Ганнон, поколебавшись, согласно кивнул и, повернувшись к статуе Ваала, равнодушным, тусклым голосом произнес слова клятвы.
Когда оба котелка опустели, Ганнон откупорил покрытую мхом амфору, и темные маслянистые струи старого вина полились в украшенные затейливыми узорами кубки.
– А теперь пусть два пуна выпьют за здоровье друг друга.
Он одним глотком осушил кубок, сыто рыгнул и опустился на скамью.
– Ты был достойным противником, – Ганнон колыхнул жирным подбородком, его лицо расплылось в улыбке, напоминавшей скорее злорадную гримасу. – Боюсь, мне будет очень не хватать этой вражды.
– Я лично могу прекрасно обойтись без нее, – мрачно усмехнулся Антигон, и его губы на миг сжались в прямую упрямую складку. – А теперь выслушай меня до конца и постарайся не перебивать. Я хочу поведать тебе историю о мечах.
– О чем?
– Ты не ослышался. Я как бы намереваюсь скрепить ею наш мирный договор. Первый меч принадлежал одному из наиболее отличившихся в Сицилийской войне гоплитов Гамилькара. Он примкнул к мятежникам и был убит мною в долине Баграды. После битвы Молния подарил мне меч этого доблестного воина. Его отобрали у меня в Массалии восемь лет назад…

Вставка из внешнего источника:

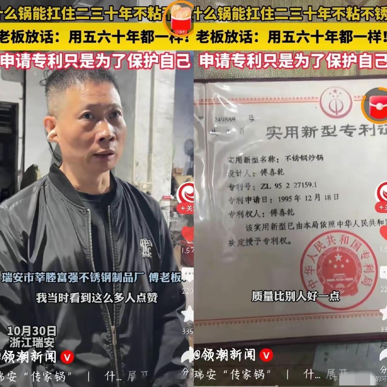 现在最疯抢的网红,居然是口“停产10年的老锅”? 谁能想到,打败一众新款的网红竟是口老锅!浙江阿姨晒出用了二三十年的炒锅,钢丝球随便造不生锈,炒鸡蛋还不粘锅,视频一出全网都在蹲链接。 顺着锅柄上的专利号一挖,才找到温州的老厂子。老板说当年成本涨了,宁肯停产也不偷工减料,设备放了10年都没扔。现在被网友催着复产,新锅直接把不锈钢加厚到1.1毫米,锅柄也换成更结实的激光焊接,预售才60块。 这哪是买锅,是给“长期主义”投赞成票!现在太多商家搞“短命”设计赚快钱,可大家早烦透了。这口锅的走红,根本是对“做一辈子好东西”的最好回应。 你家有哪些用了十几年的老物件?是不是比新买的还靠谱?老铁锅
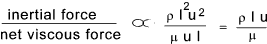 The ratio of inertia forces to viscous forces is therefore as follows:
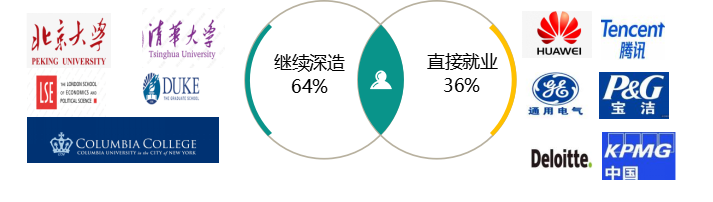 近三年,超过64%以上的毕业生前往国内外知名高校进行深造,其中包括清华大学、北京大学、伦敦政治经济学院、帝国理工学院、杜克大学、卡内基梅隆大学、哥伦比亚大学、多伦多大学等QS排名前100的世界一流高校;直接就业的毕业生中,超过60%的学生进入华为、腾讯、通用电气、宝洁等世界500强企业和国际四大会计师事务所工作。
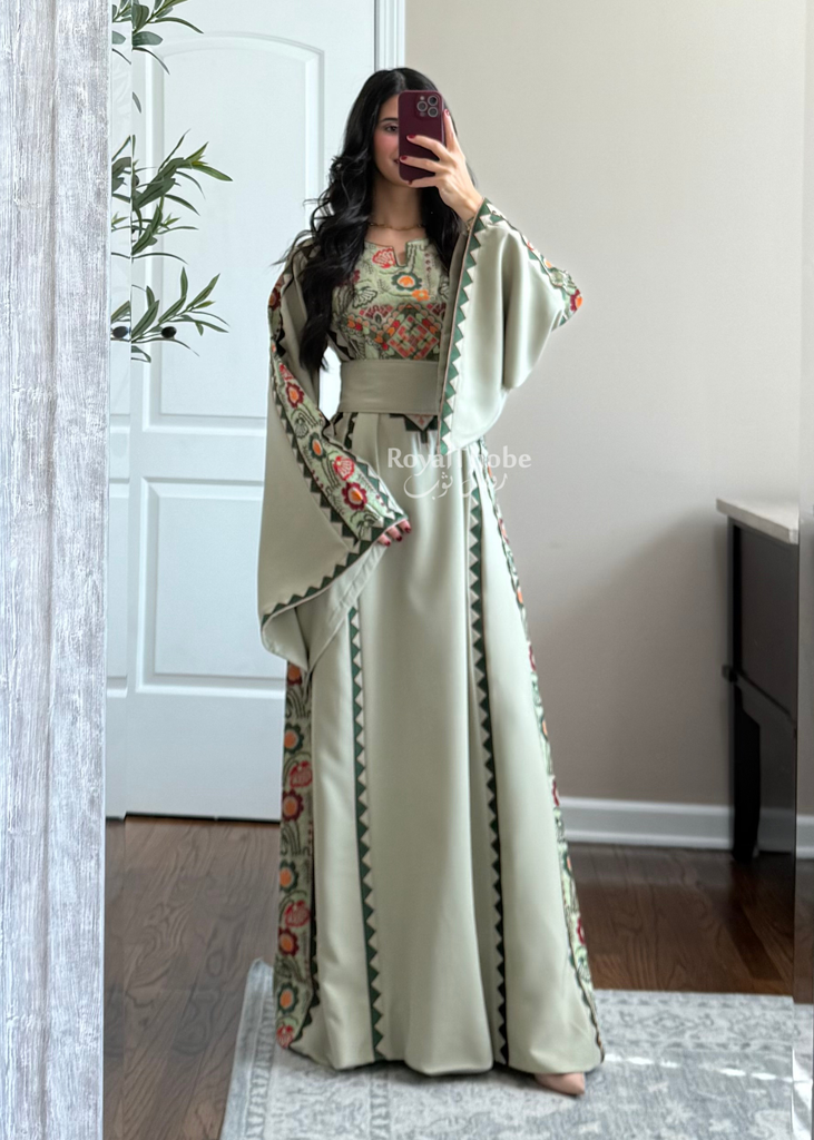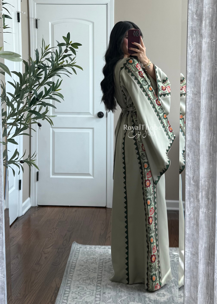 - Our Newest Sage/Olive Green Simple Floral Long Embroidered Thobe/Dress
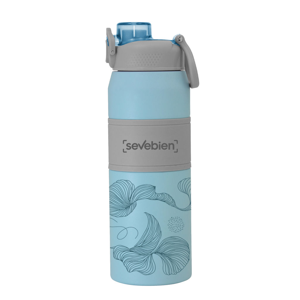 Hidratación a otro nivel.Botella deportiva con doble pared, sellada al vacío. Interior de acero 304 y exterior de acero 201. Pintura powder coat (pintura más duradera y resistente a la corrosión y el paso del tiempo). Tapa plástica a rosca en color gris con anillo de silicona y manija plástica para su agarre, combinada con tapa rebatible en colores translucidos a juego con el color de la botella. Boquilla con sorbete incluido. Grip de silicona color gris para mejor agarre. Mantiene hasta 8 hs la temperatura de las bebidas calientes y hasta 12 hs la de las bebidas frías.Medidas: Ø 8 cm x 25 cm.

Он прервался и в упор посмотрел на Ганнона. Верховный жрец сидел с непроницаемым лицом, скрестив пухлые пальцы на необъятном животе.
– Три десятилетия прошло с тех пор, как я заплатил золотом британскому кузнецу за шесть мечей. Один я отдал сыну моего близкого друга и нынешнему капитану моего корабля Бомилькару. Он также остался в Массалии. Второй получил мой сын Аристон, ставший вождем могущественнейшего племени в южной части Ливии. Остальные я подарил сыновьям Молнии. Но храбрый Гадзрубал сломал свой меч в последней в своей жизни битве. О мече покойного Магона мне ничего не известно, меч Ганнибала по-прежнему у него, а шестой меч раньше принадлежал погибшему под Капуей моему старшему сыну Мемнону. Теперь он у меня.
Антигон положил ладонь на рукоять меча и вызывающе посмотрел на Ганнона.
– Зачем ты мне это все рассказываешь? – настороженно спросил верховный жрец.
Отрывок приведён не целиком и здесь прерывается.